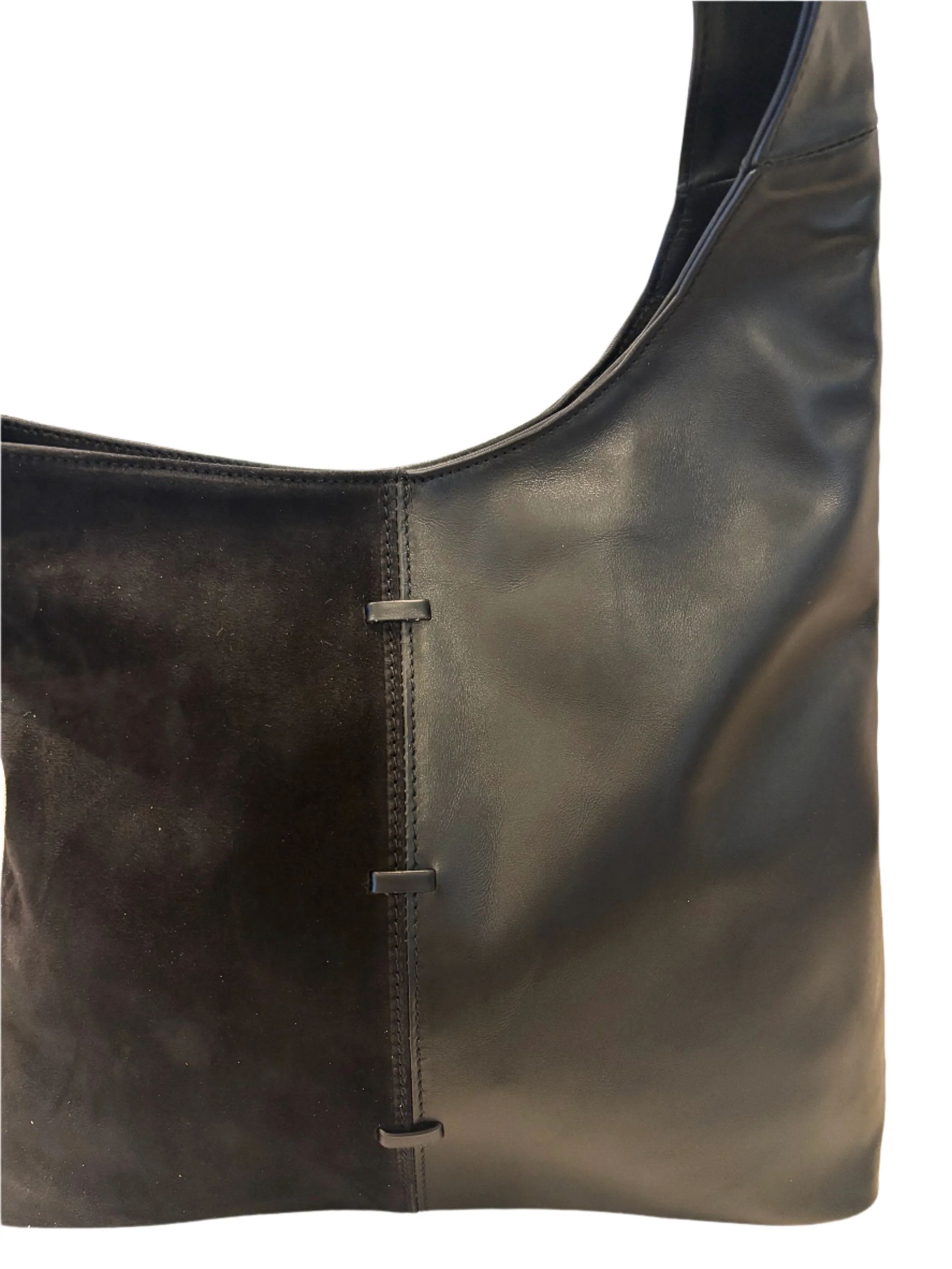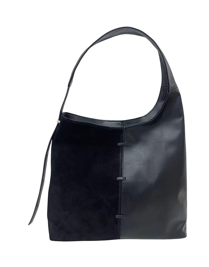 Indulge in the luxury of Zara - a versatile leather and suede bag with a playful adjustable shoulder strap. The modern design is complemented by a secure zipper closure and convenient inside zipper & side pockets. Elevate your style and organization with Zara.
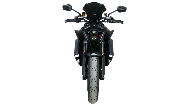 De MRA Racing -voorruit (NRM) is 5 cm hoger dan de MRA Sports Ruitenwind (NSPM) en biedt meer windbescherming. Ondanks zijn langere lengte past het perfect bij het algehele ontwerp van de superdoek. Beschikbaar in helder, rookgrijs en zwart.
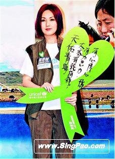 中新网4月21日电 杨千嬅昨日以联合国儿童基金香港委员会大使身份出席“青海青.心连心关爱暖青海筹款活动”,为青海地震筹款义卖绿丝带行动。

-.-.-

## Your goal
For this exercise, transcribe exactly only the lines from the one containing "De MRA Racing" through the end of the listing, inclusive, without the pictures.

## Expected answer
 De MRA Racing -voorruit (NRM) is 5 cm hoger dan de MRA Sports Ruitenwind (NSPM) en biedt meer windbescherming. Ondanks zijn langere lengte past het perfect bij het algehele ontwerp van de superdoek. Beschikbaar in helder, rookgrijs en zwart.
 中新网4月21日电 杨千嬅昨日以联合国儿童基金香港委员会大使身份出席“青海青.心连心关爱暖青海筹款活动”,为青海地震筹款义卖绿丝带行动。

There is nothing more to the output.